Fixed defect on rest/stress Tc-99m sestamibi study underestimates myocardial ischemia: comparison with 24-hour thallium-201 study for short- and intermediate-term follow-up

Clin Nucl Med. 2008 Mar;33(3):168-71. doi: 10.1097/RLU.0b013e318162d940.

Abstract

Purpose: We assessed whether a same day rest/stress gated Tc-99m sestamibi (MIBI) SPECT myocardial study underestimates reversible ischemia in patients with fixed perfusion defects compared with a 24-hour thallium-201 (Tl-201) study. The short- and intermediate-term outcome with or without Tl-201 reversibility was assessed.

Methods: Forty-nine consecutive patients with fixed MIBI defects received an additional Tl-201 study and were evaluated. Tl-201 was given to patients with a high clinical suspicion of underestimation of reversibility. Images were interpreted semiquantitatively by 3 nuclear medicine physicians using a 17-segment, 5-point model. A summed stress score (SSS) from stress MIBI images, a summed rest score (SRS) from Tl images, and a summed difference (SDS = SSS - SRS) score were calculated. SDS >3 indicated significant Tl-201 redistribution. Composite end points included acute myocardial infarction, unstable angina needing admission, cardiac death, or revascularization within 3 and 6 months.

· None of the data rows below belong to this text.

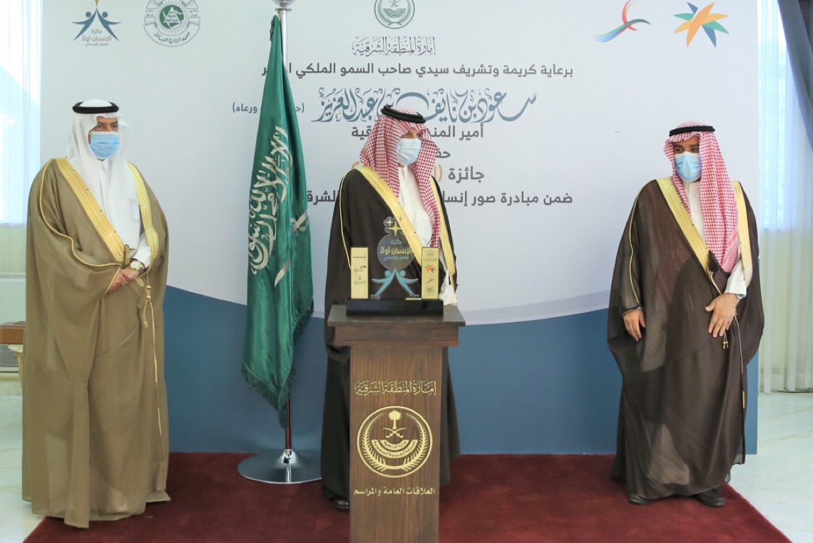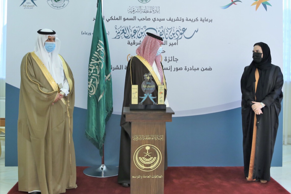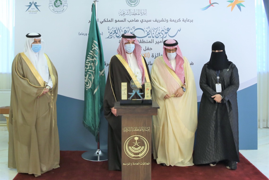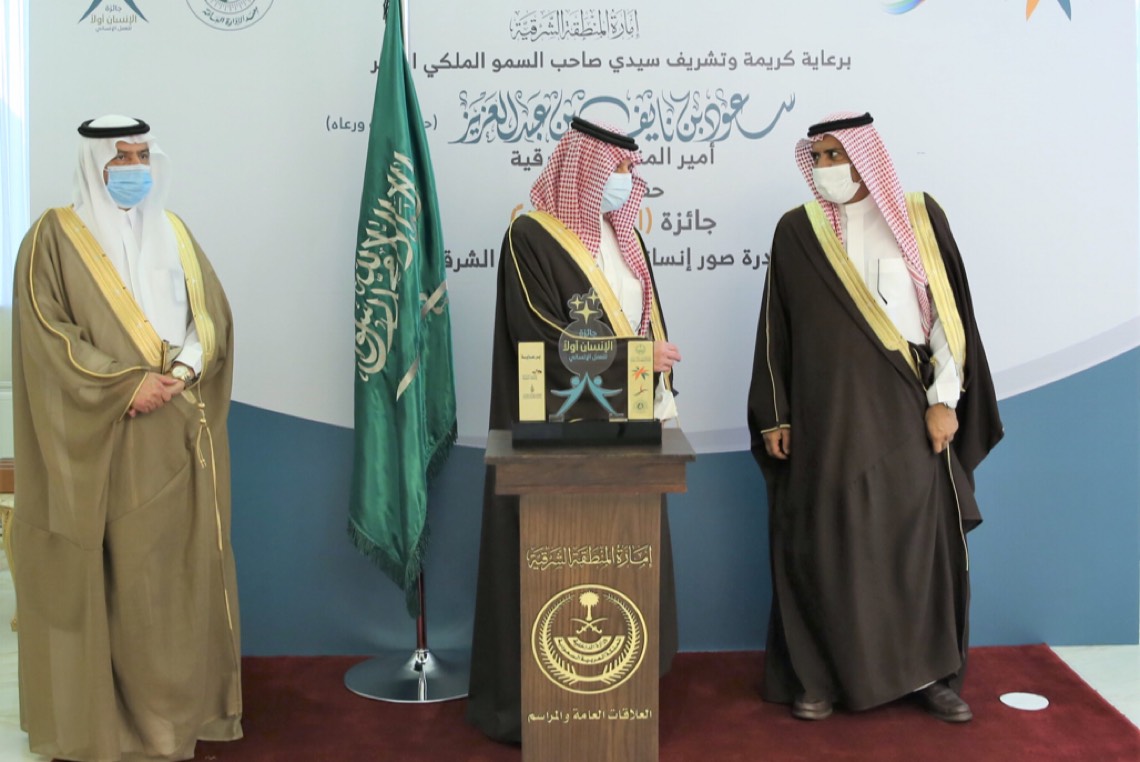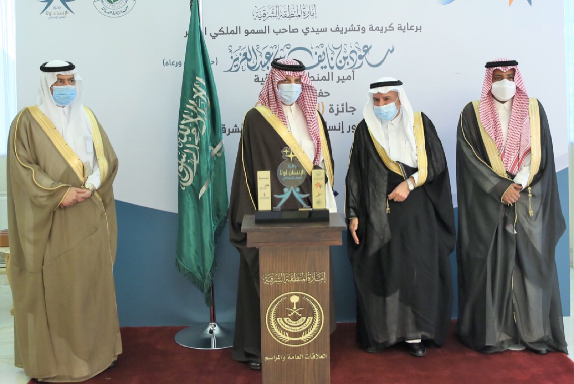 وكرم أمير الشرقية بديوان الإمارة اليوم الإثنين الفائزين بجائزة ”الإنسان أولاً“ للعمل الإنساني بالمنطقة الشرقية 2021 التي انطلقت بالتزامن مع اليوم العالمي للعمل الإنساني وينظمها فرع وزارة الموارد البشرية والتنمية الاجتماعية بالمنطقة.
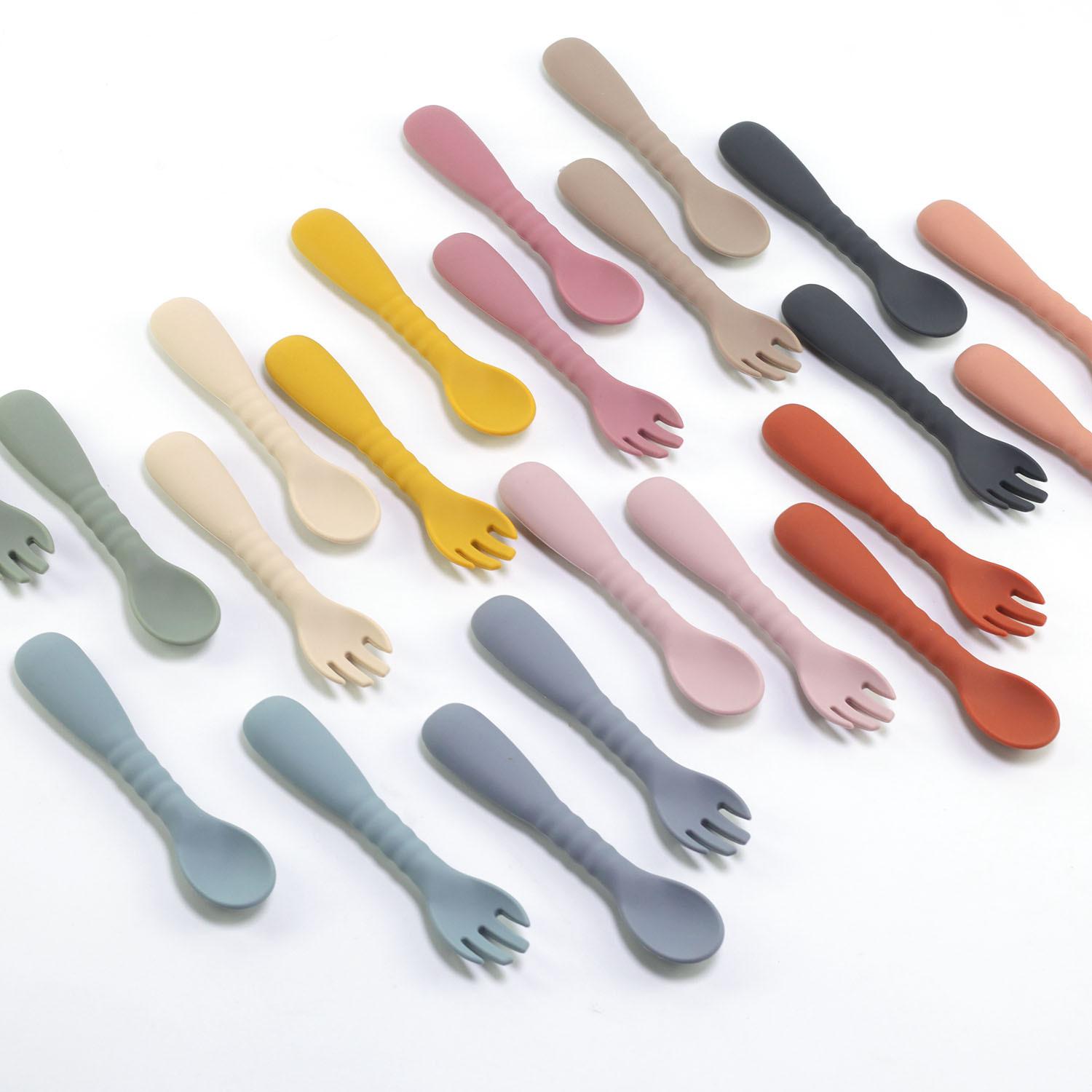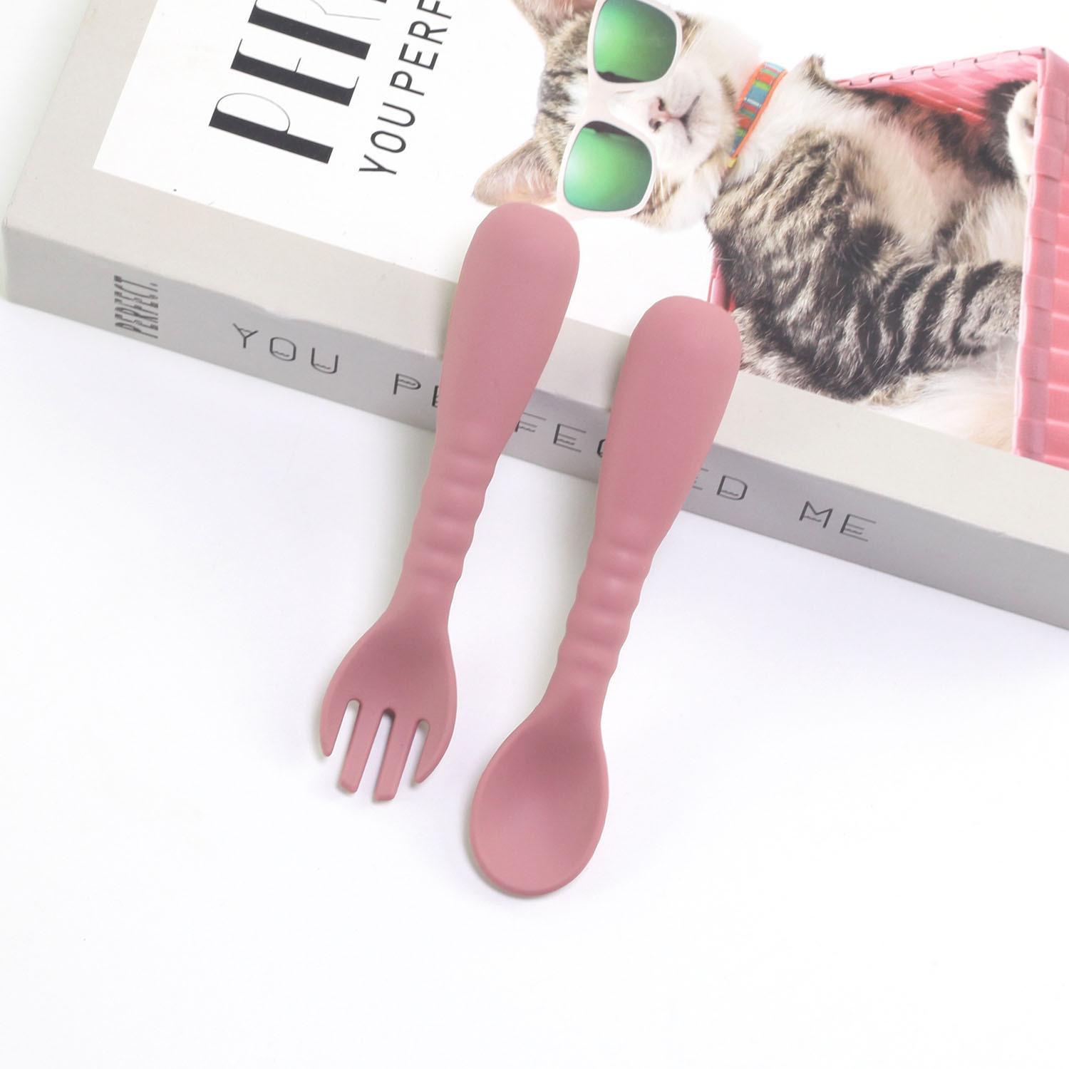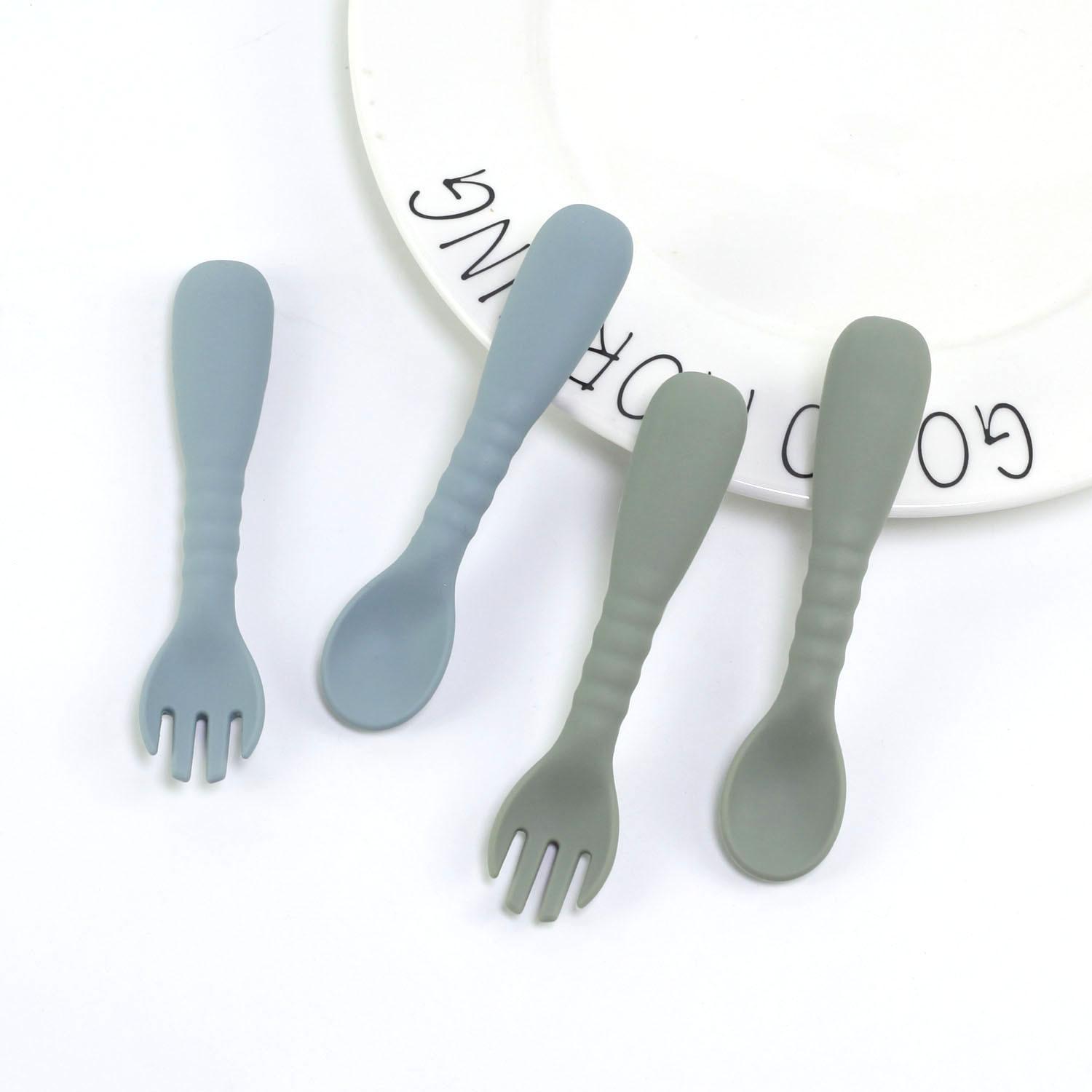 Bebé aprendiendo a comer cuchara de entrenamiento tenedor comida para bebé cuchara de silicona cuchara para comida para niños tenedor juego de cubiertos
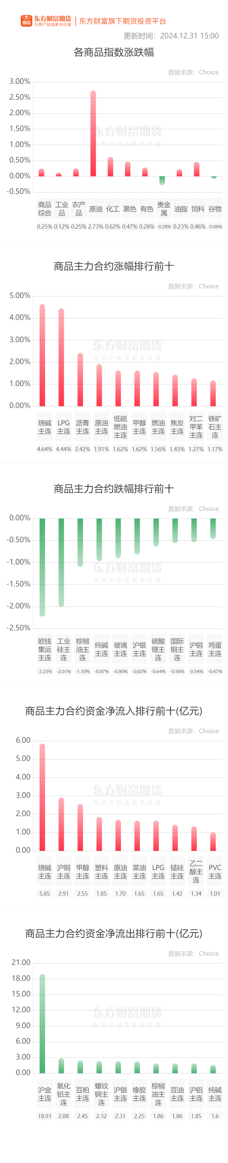 行情纵览![]() 宏观产经央行网站:为支持资本市场健康稳定发展,中国人民银行将于近期开展第二次证券、基金、保险公司互换便利操作,互换期限1年,可视情展期,面向符合条件的证券、基金、保险公司开展操作,互换费率由参与机构招投标确定。即日起接受机构申报。 证监会网站:为落实中央经济工作会议精神和全国金融系统工作会议要求,相关机构积极申请,中国证监会商中国人民银行在首批20家参与机构基础上,根据分类评价、合规风控等条件增选了20家参与机构,形成40家备选机构池。每批次操作时,根据意向参与规模筛选出20家左右的机构参与人民银行招标操作。目前,第二次互换便利操作的各项准备工作就绪,今天开始操作。 央视新闻:韩国宪法法院方面表示,针对尹锡悦的总统弹劾案的审理正式开始。宪法法院方面已加强警卫保障。 品种资讯黑色系期货 铁矿石:根据调研数据,12月份实际有38座高炉进行检修,日度铁水减量为16.35万吨。高炉检修主要集中在华北,华东和华中地区。同时,有24座高炉恢复生产,日度增加铁水产量10.2万吨。复产高炉主要集中区域跟检修趋同。12月份高炉检修影响量大幅增加。数据显示,12月份高炉检修共导致铁水产量净减少778.15万吨,比11月份增加了184.32万吨。日均铁水产量减少约6万吨。预计1月铁水产量环比12月或有提升,但提升空间有限。(上海有色网) 钢材:12月31日,陕西钢铁集团对全区域及中西部钢厂上调20元/吨,其中,西安龙钢大螺纹基价执行3380元/吨。(西本新干线) 农产品期货 生猪:12月31日,安徽生猪出栏均价16.06元/公斤,较昨日上涨0.29元/公斤。江苏生猪出栏均价16.39元/公斤,较昨日上涨0.33元/公斤。大体重猪源同比减少,且月底养殖端出栏减少,需求增加,对行情有支撑。预计短线价格小幅偏强。 江西生猪市场均价为15.53元/公斤,今日价格上涨0.09元/公斤,外三元市场主流价为15.50-15.60元/公斤。今日部分头部集团厂供应量不减,大猪价格稳中调整,标猪低价继续上涨。预计明天江西猪价稳中偏强运行。(我的钢铁网) 大豆:上周国内油厂大豆、豆粕库存均上升。监测显示,12月27日,全国主要油厂进口大豆商业库存656万吨,周环比上升19万吨,月环比上升109万吨,同比上升44万吨,较过去三年均值高217万吨。主要油厂豆粕库存70万吨,周环比上升11万吨,月环比下降14万吨,同比下降24万吨,较过去三年同期均值高1万吨。(国家粮油信息中心) 棕榈油:据马来西亚独立检验机构AmSpec,马来西亚12月1-31日棕榈油出口量为1381837吨,较上月同期出口的1417436吨减少2.5%。(新华财经) 有色/贵金属期货 黄金:美国商品期货交易委员会(CFTC)数据显示,截至12月24日当周,COMEX黄金投机者净多头头寸减少19678份合约至184260份合约;COMEX白银投机者净多头头寸减少1487份合约至20590份合约。(新华财经) 氧化铝:2024年12月(31天)中国冶金级氧化铝产量环比增长1.67%,同比增加9.80%。截至12月31日,中国冶金级氧化铝的建成产能为10302万吨左右,实际运行产能为环比小降0.44%,开工率为86.30%。2024年全年国内的冶金级氧化铝产量同比增长4.86%。(上海有色网) 沪镍:据Mysteel调研统计,截止2024年12月27日,中国精炼镍27库社会库存减少543吨至46696吨,降幅1.15%;仓单库存减少380吨至28847吨;现货库存减少113吨至11874吨,其中镍板减少51吨,镍豆减少62吨;保税区库存减少50吨至5975吨。(我的钢铁网) 能化期货 能化:美东时间12月30日,美国天然气期货价格突然飙涨,NYMEX天然气期货2月合约日内最高暴涨超24%。分析称,天然气价格飙升的主要原因是,天气预报显示美国东部和中西部地区将迎来更为寒冷的天气,推升了供暖需求的预期。消息面上,乌克兰方面表示,从明年1月1日起,将暂停俄罗斯输欧天然气过境乌克兰。(券商中国) 沥青:截至12月30日当周,全国104家沥青社会库存总量为83.6万吨,较前一周下降1.8%。(隆众资讯) 玻璃:截至2024年12月底,玻璃日熔量回落到16万吨附近,较年初的17.3万吨下滑1.3万吨。2024年,玻璃产量预估在6171万吨左右,增速在2.4%~2.5%。(期货日报) 晚间关注受元旦假期影响,国内今夜无夜盘交易。 (文章来源:东方财富研究中心) (责任编辑:迷你学人) |

Results: Fifteen of 49 patients showed no Tl-201 redistribution. Thirty-four of 49 (69%) patients had significant Tl-201 redistribution, and these patients had significantly higher cardiac events (CE) at 3 months (29% vs. 7%; P = 0.039), and higher at 6 months (32% vs. 7%; P = 0.027). These patients with CE had a larger amount of Tl-201 redistribution, mean SDS 8.6 vs. 5.3 (P = 0.047). Patients with significant Tl-201 redistribution had a lower left ventricular ejection fraction (mean 37%; P = 0.001).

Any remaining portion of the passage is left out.